- Given records
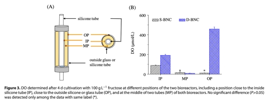 2 DO分布:數據來自圖3,顯示培養4天后生物反應器中不同位置的氧氣濃度。研究意義在于證明氧氣梯度影響細菌分布,D-BNC生物反應器在內外管位置DO更高,導致更均勻的BNC形成。
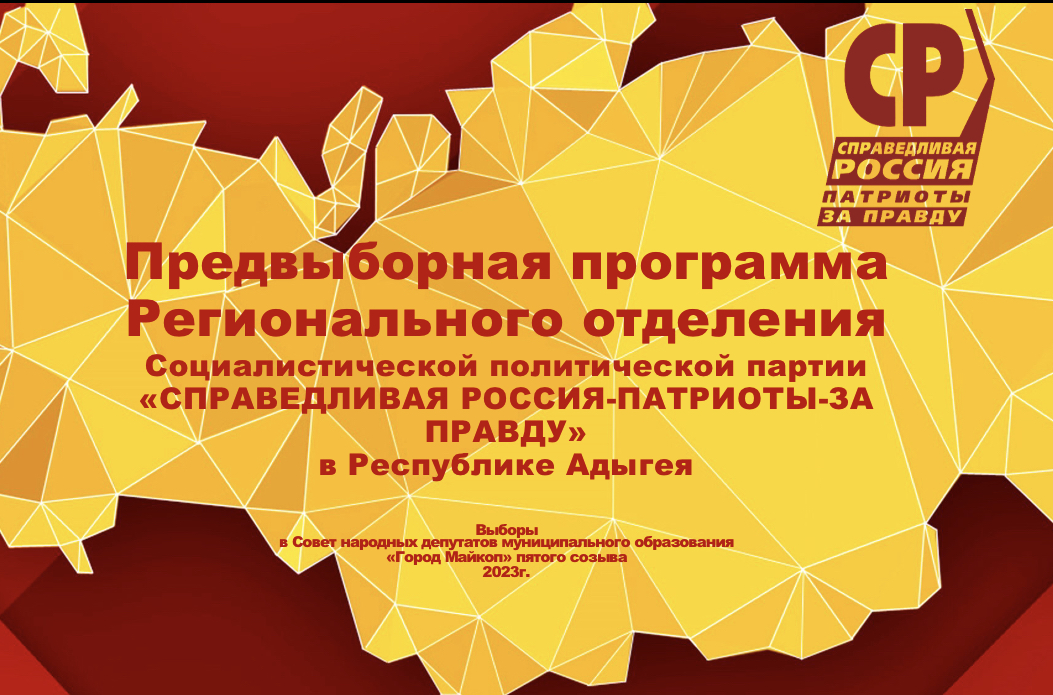 Предвыборная программа Регионального отделения Социалистической политической партии "СПРАВЕДЛИВАЯ РОССИЯ – ПАТРИОТЫ – ЗА ПРАВДУ" в Республике Адыгея
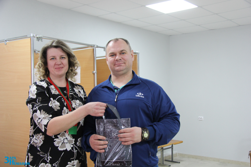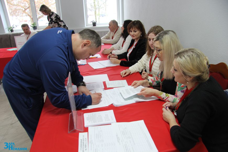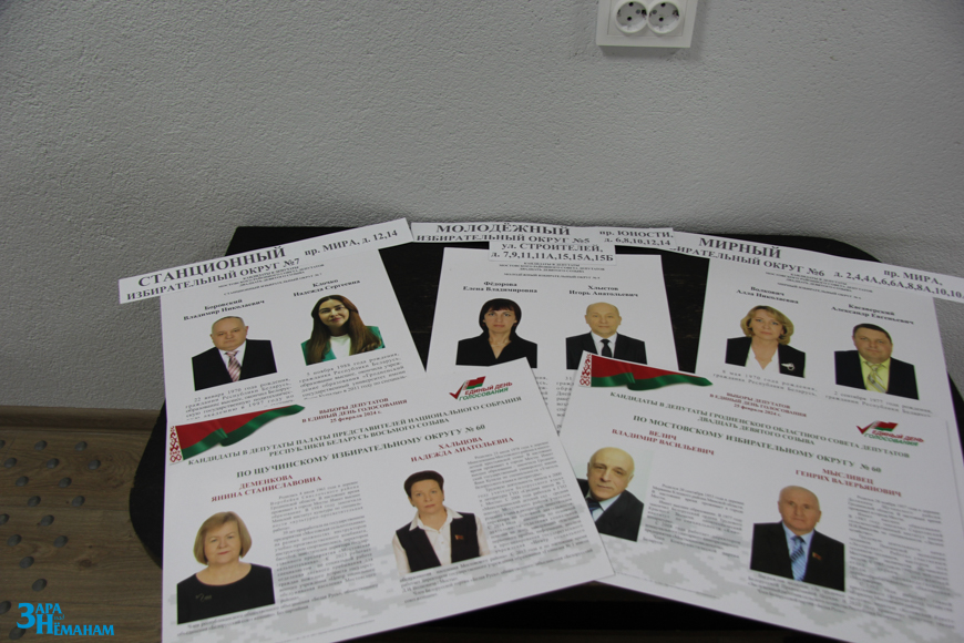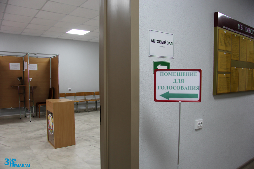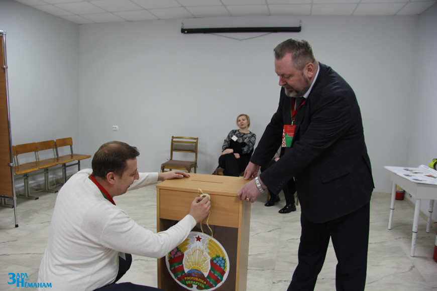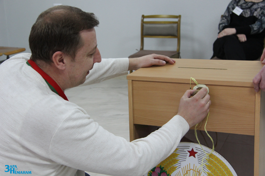 Ровно в 12 часов прошло опечатывание урны для голосования. С началом выборов поздравил членов участковой комиссии её председатель. А вот уже и первый избиратель. Он предъявляет свой паспорт, получает три бюллетеня. С хорошим настроением мостовчанин голосует. От избирательной комиссии получает подарок, как первый проголосовавший. На участок начали приходить и другие избиратели.
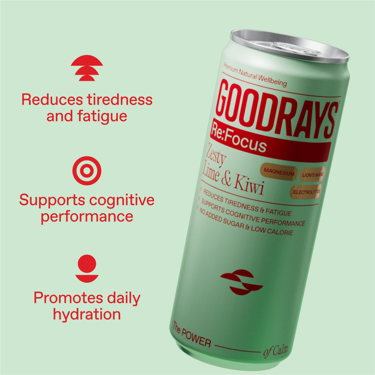 Experience the power of Re:Focus, a premium blend of Vitamin D, Lion's Mane and Ashwagandha to help you feel focused, energised and recharged. Each can also contains essential electrolytes for daily hydration with natural kiwi and lime flavouring. This vegan adaptogen drink is low in calories, made without artificial sweeteners and contains no added sugar.
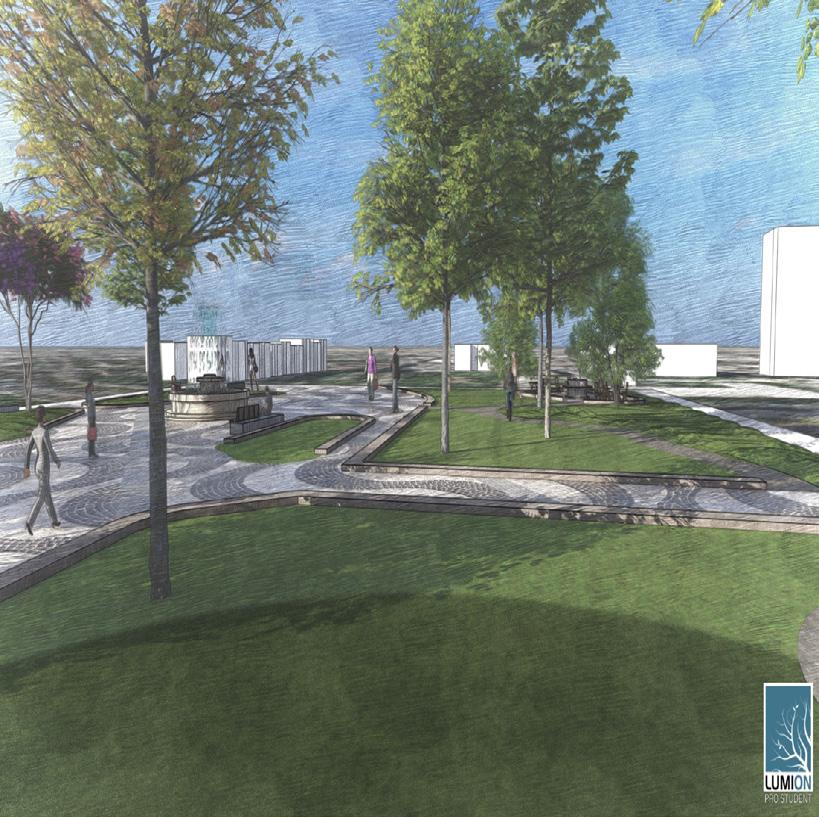 For this project1, the plaza is to be designed to accommodate the flow of both commuters as well as park & plaza visitors. It is imperative to the client that a strong connection be made into the site from the existing road and sidewalk crosswalk network.
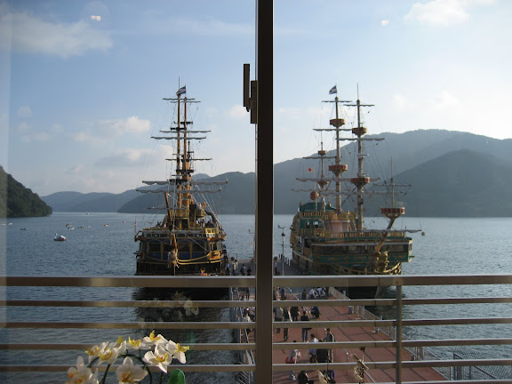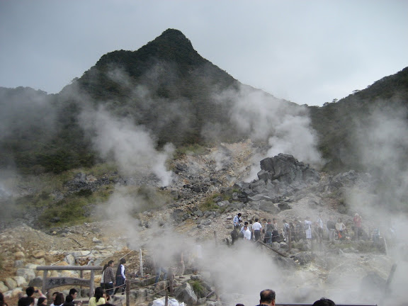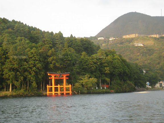 Ezekután következett a sikló Sounzanba, majd itt libegőre szálltunk. Sajnos a Fuji nem látszott annyira szépen mint márciusban, de aki tudta, hogy hova nézzen és mit keressen a tekintetével az kiszúrhatta. Elnézve, hogy szinte csak mi fényképeztük, nem sokan vehették észre. Természetesen beszagoltunk a kénes, büdös, vulkanikus bugyogó iszapforrásokhoz is Owakudaninál. Tovább libegtünk Togendaiig, de hajóra szállás előtt ebédelő helyet kerestünk. Szerencsére nem nagyon kellett keresni, mert egy hatalmas étterem van az egybeépült libegő és hajóvégállomáson. Egyszerű önkiszolgáló a hely, nem túl nagy kínálattal. De úgy látszik amit kínálnak az első osztályú. Mind a spagetti, mind a curry friss és ízletes volt. Én nem nagyon szeretek curryt kérni, mert az intézet kantinjában nem igazán nyerte el tetszésemet, de úgy tűnik lehet azt sokkal jobban is elkészíteni! Az evés közben elénk táruló kilátás az Ashi tóra és az épp érkező-induló hajókra pedig megkoronázta a késői ebédünket.A hajón próbáltunk nézelődni, de a tele has megtette a hatását. Még szerencse, hogy időben felébredtünk és a tóban álló toriit sikerült lefényképeznünk. Mire kikötöttünk már el is kezdett sötétedni, úgyhogy egyenesen a buszmegállóhoz mentünk. Itt volt egy kis szervezési probléma: mindenkit az expressz busz megállójába tereltek, de közben befutott a lassabb busz is, ami előbb indult, úgyhogy inkább azzal mentünk. Sajnos az út utolsó szakaszán jó nagy dugóba kerültünk, viszont a gyorsabb járatú busz a közös szakaszon sem ért utol minket, szerintem jól döntöttünk.
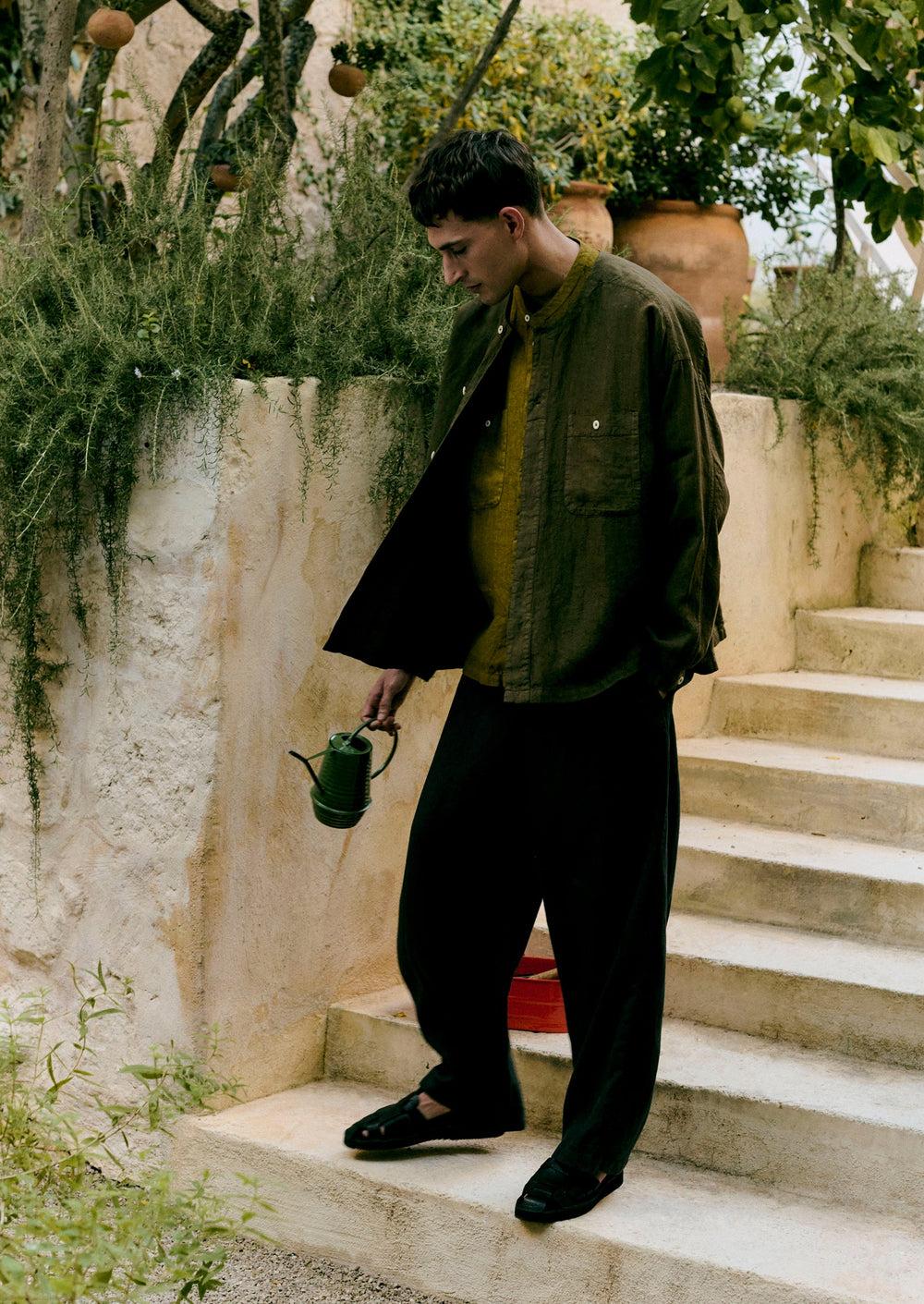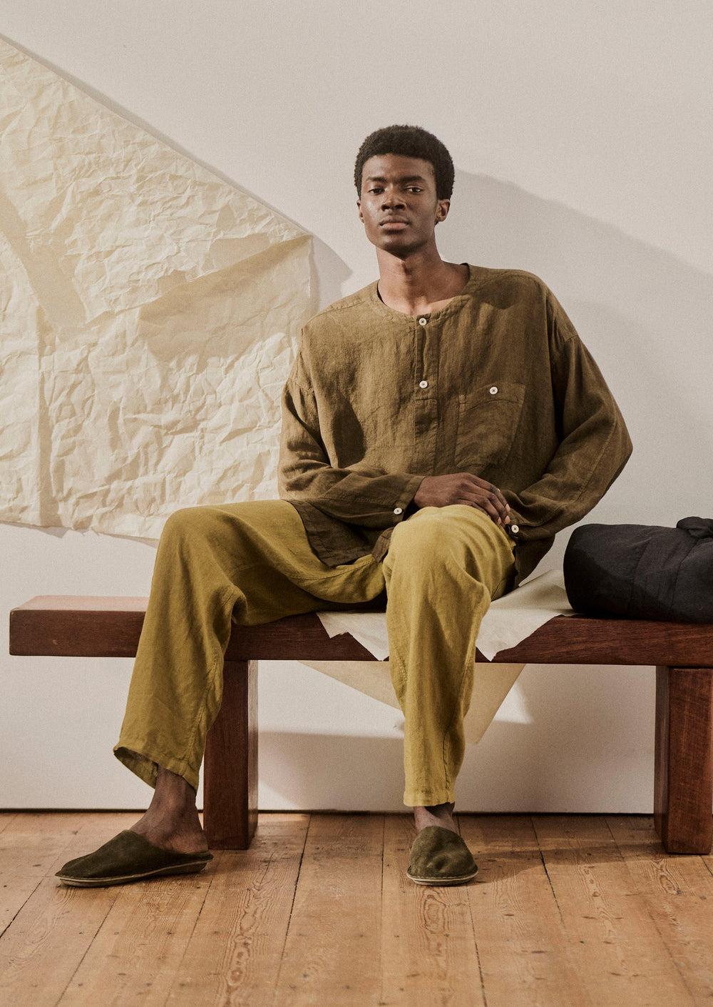 Our collarless shirt is made from garment-dyed linen, cut to a boxy fit accented by side hem slits and knife pleats below the back yoke. With a double placket and partially concealed buttons. Part of our Menswear collection.
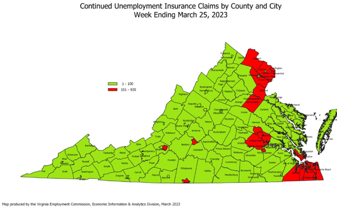 For the filing week ending March 25, the figure for seasonally unadjusted initial claims in Virginia was 1,876, which was an increase of 253 claimants from the previous week. Over half of initial claims with a self-reported industry were from administrative and support and waste management, professional, scientific, and technical services, health care and social assistance, manufacturing, and retail trade. Continued weeks claimed totaled 11,758, which was a decrease of 23 claims from the previous week but an increase of 76% from the 6,684 continued claims from the comparable week last year.
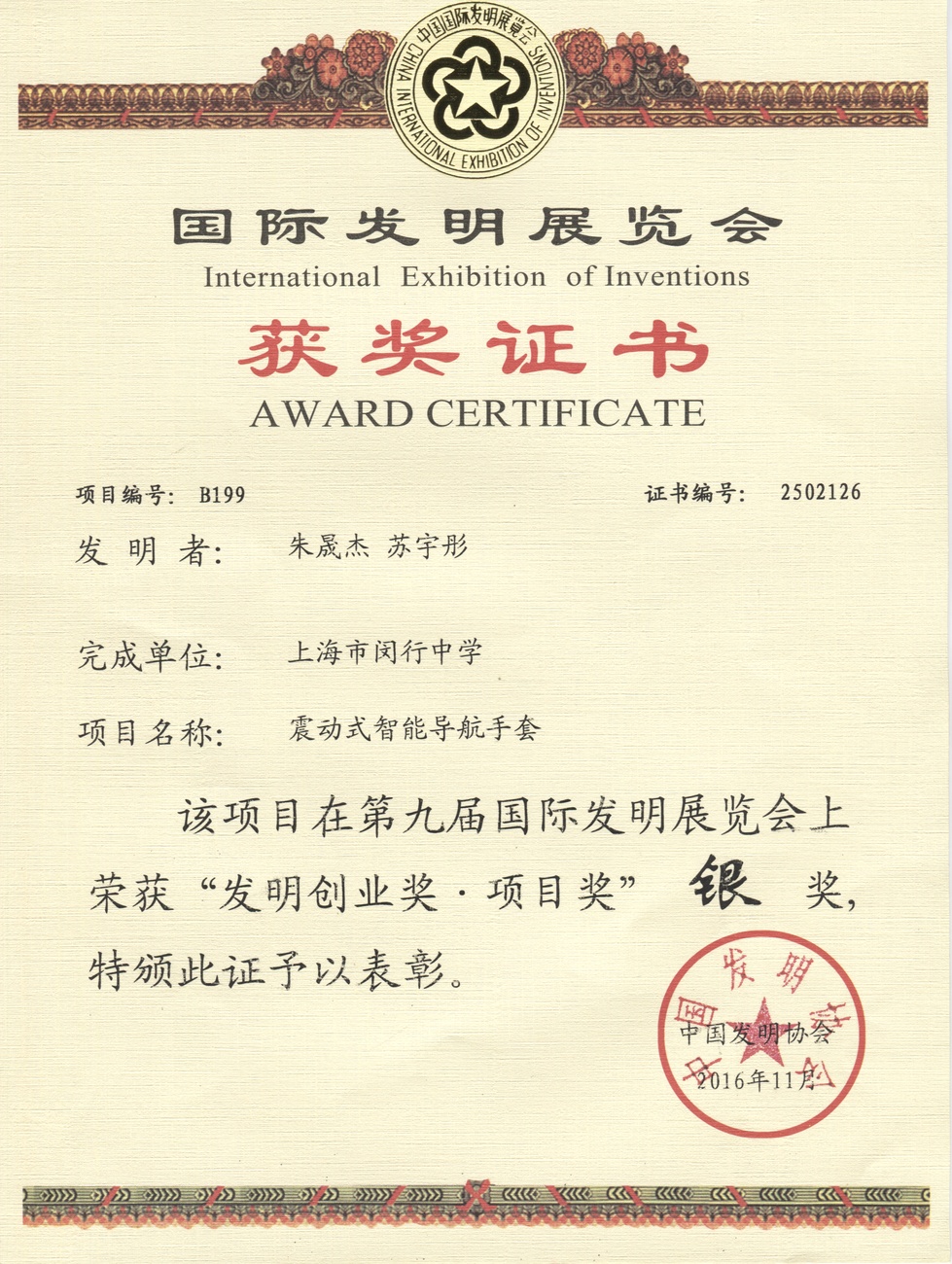 | 震动式智能导航手套 | 朱晟杰, 苏宇彤 | 银奖 | 2016年 |
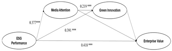 Similarly, green innovation serves as another mediating force in the ESG–firm value connection. As the core drive of transitioning toward a green economy, green innovation enables companies to harness environmental strategies for economic benefit. Strong ESG performance creates an enabling environment for green innovation, allowing companies to achieve breakthroughs in environmental protection while transforming these efforts into tangible economic gains [7,14]. Green innovation enhances enterprise value by fostering long-term growth and sustainability, thus playing a critical role in reinforcing the link between ESG performance and firm value [15]. Together, media attention and green innovation serve as mediators that amplify the positive impact of ESG on firm value, ensuring both environmental and economic success for businesses.

- What is needed
Quote all the records verbatim, dropping any pictures from your copy.

- Result of the task
 2 DO分布:數據來自圖3,顯示培養4天后生物反應器中不同位置的氧氣濃度。研究意義在于證明氧氣梯度影響細菌分布,D-BNC生物反應器在內外管位置DO更高,導致更均勻的BNC形成。
 Предвыборная программа Регионального отделения Социалистической политической партии "СПРАВЕДЛИВАЯ РОССИЯ – ПАТРИОТЫ – ЗА ПРАВДУ" в Республике Адыгея
 Ровно в 12 часов прошло опечатывание урны для голосования. С началом выборов поздравил членов участковой комиссии её председатель. А вот уже и первый избиратель. Он предъявляет свой паспорт, получает три бюллетеня. С хорошим настроением мостовчанин голосует. От избирательной комиссии получает подарок, как первый проголосовавший. На участок начали приходить и другие избиратели.
 Experience the power of Re:Focus, a premium blend of Vitamin D, Lion's Mane and Ashwagandha to help you feel focused, energised and recharged. Each can also contains essential electrolytes for daily hydration with natural kiwi and lime flavouring. This vegan adaptogen drink is low in calories, made without artificial sweeteners and contains no added sugar.
 For this project1, the plaza is to be designed to accommodate the flow of both commuters as well as park & plaza visitors. It is imperative to the client that a strong connection be made into the site from the existing road and sidewalk crosswalk network.
 Ezekután következett a sikló Sounzanba, majd itt libegőre szálltunk. Sajnos a Fuji nem látszott annyira szépen mint márciusban, de aki tudta, hogy hova nézzen és mit keressen a tekintetével az kiszúrhatta. Elnézve, hogy szinte csak mi fényképeztük, nem sokan vehették észre. Természetesen beszagoltunk a kénes, büdös, vulkanikus bugyogó iszapforrásokhoz is Owakudaninál. Tovább libegtünk Togendaiig, de hajóra szállás előtt ebédelő helyet kerestünk. Szerencsére nem nagyon kellett keresni, mert egy hatalmas étterem van az egybeépült libegő és hajóvégállomáson. Egyszerű önkiszolgáló a hely, nem túl nagy kínálattal. De úgy látszik amit kínálnak az első osztályú. Mind a spagetti, mind a curry friss és ízletes volt. Én nem nagyon szeretek curryt kérni, mert az intézet kantinjában nem igazán nyerte el tetszésemet, de úgy tűnik lehet azt sokkal jobban is elkészíteni! Az evés közben elénk táruló kilátás az Ashi tóra és az épp érkező-induló hajókra pedig megkoronázta a késői ebédünket.A hajón próbáltunk nézelődni, de a tele has megtette a hatását. Még szerencse, hogy időben felébredtünk és a tóban álló toriit sikerült lefényképeznünk. Mire kikötöttünk már el is kezdett sötétedni, úgyhogy egyenesen a buszmegállóhoz mentünk. Itt volt egy kis szervezési probléma: mindenkit az expressz busz megállójába tereltek, de közben befutott a lassabb busz is, ami előbb indult, úgyhogy inkább azzal mentünk. Sajnos az út utolsó szakaszán jó nagy dugóba kerültünk, viszont a gyorsabb járatú busz a közös szakaszon sem ért utol minket, szerintem jól döntöttünk.
 Our collarless shirt is made from garment-dyed linen, cut to a boxy fit accented by side hem slits and knife pleats below the back yoke. With a double placket and partially concealed buttons. Part of our Menswear collection.
 For the filing week ending March 25, the figure for seasonally unadjusted initial claims in Virginia was 1,876, which was an increase of 253 claimants from the previous week. Over half of initial claims with a self-reported industry were from administrative and support and waste management, professional, scientific, and technical services, health care and social assistance, manufacturing, and retail trade. Continued weeks claimed totaled 11,758, which was a decrease of 23 claims from the previous week but an increase of 76% from the 6,684 continued claims from the comparable week last year.
 | 震动式智能导航手套 | 朱晟杰, 苏宇彤 | 银奖 | 2016年 |
 Similarly, green innovation serves as another mediating force in the ESG–firm value connection. As the core drive of transitioning toward a green economy, green innovation enables companies to harness environmental strategies for economic benefit. Strong ESG performance creates an enabling environment for green innovation, allowing companies to achieve breakthroughs in environmental protection while transforming these efforts into tangible economic gains [7,14]. Green innovation enhances enterprise value by fostering long-term growth and sustainability, thus playing a critical role in reinforcing the link between ESG performance and firm value [15]. Together, media attention and green innovation serve as mediators that amplify the positive impact of ESG on firm value, ensuring both environmental and economic success for businesses.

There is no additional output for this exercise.